Shortly after settling a dramatic legal battle, during which Chris accused his younger brother of committing acts of “oppression, fraud” and “retribution” against him, Phil abruptly departed the company last month. Mike Lehmann, Phil’s former prep-school roommate, who was hired as Aimia’s president shortly after Phil became CEO in 2020, also left the company at that time.

Aimia has hired an executive recruiter to find a new “operations-focused” CEO, the company said in a statement announcing the departure of Mr. Mittleman and Mr. Lehmann. Tom Finke, a retired asset management executive based in North Carolina who joined the Aimia board of directors as chair three months ago, has been leading the company on an interim basis as executive chair.

Based in Riyadh, Mithaq is the private investment company for the Al Rajhi family – founders of the Al Rajhi Bank, the world’s largest Islamic bank by market capitalization. Its stake in Aimia grew from less than 13 per cent in early 2023 to nearly 32 per cent by October, 2023.

Aimia subsequently completed a $32.5-million private placement, which Mithaq fiercely opposed, alleging it was an “abusive defensive tactic” designed to thwart its hostile takeover bid. The move diluted Mithaq’s ownership stake to roughly 28.42 per cent of the company.

The battle is not completely over yet. Aimia alleged in a Feb. 13 regulatory filing that Mithaq had violated securities law requirements for takeover bids. The Ontario Securities Commission’s Capital Markets Tribunal is set to hold a hearing on those claims in the coming months.

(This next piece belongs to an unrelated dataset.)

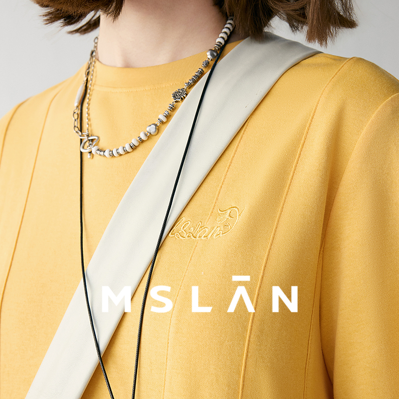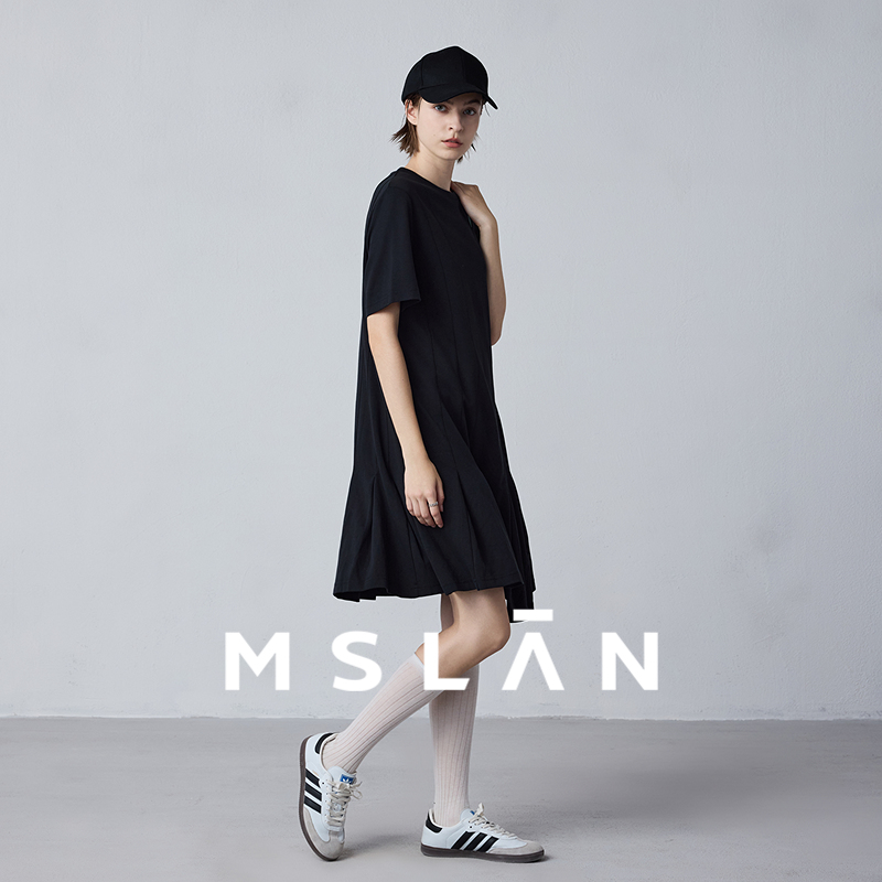 品质新疆棉 MSLAN春夏慵懒休闲A字压褶宽松T恤连衣裙MFBE1105

Mithaq described those allegations as “stale” and vowed to refute them. Mithaq also called on Aimia to appoint an unaffiliated chair to oversee its 2024 annual meeting and an independent, unaffiliated organization to scrutinize its voting results, in order to “avoid the costs, wasted resources and stain on shareholder democracy that followed the 2023 AGM.”

Aimia has yet to set a date for its 2024 AGM, and in the meantime Mithaq has another target in its sights.

As first reported by Semafor on Wednesday, Mithaq has spent at least US$80-million over the past week acquiring a majority stake in New Jersey-based The Children’s Place Inc., which operates more than 500 retail stores across North America under the “Gymboree,” “Sugar & Jade” and “PJ Place” brands, in addition to its namesake brand.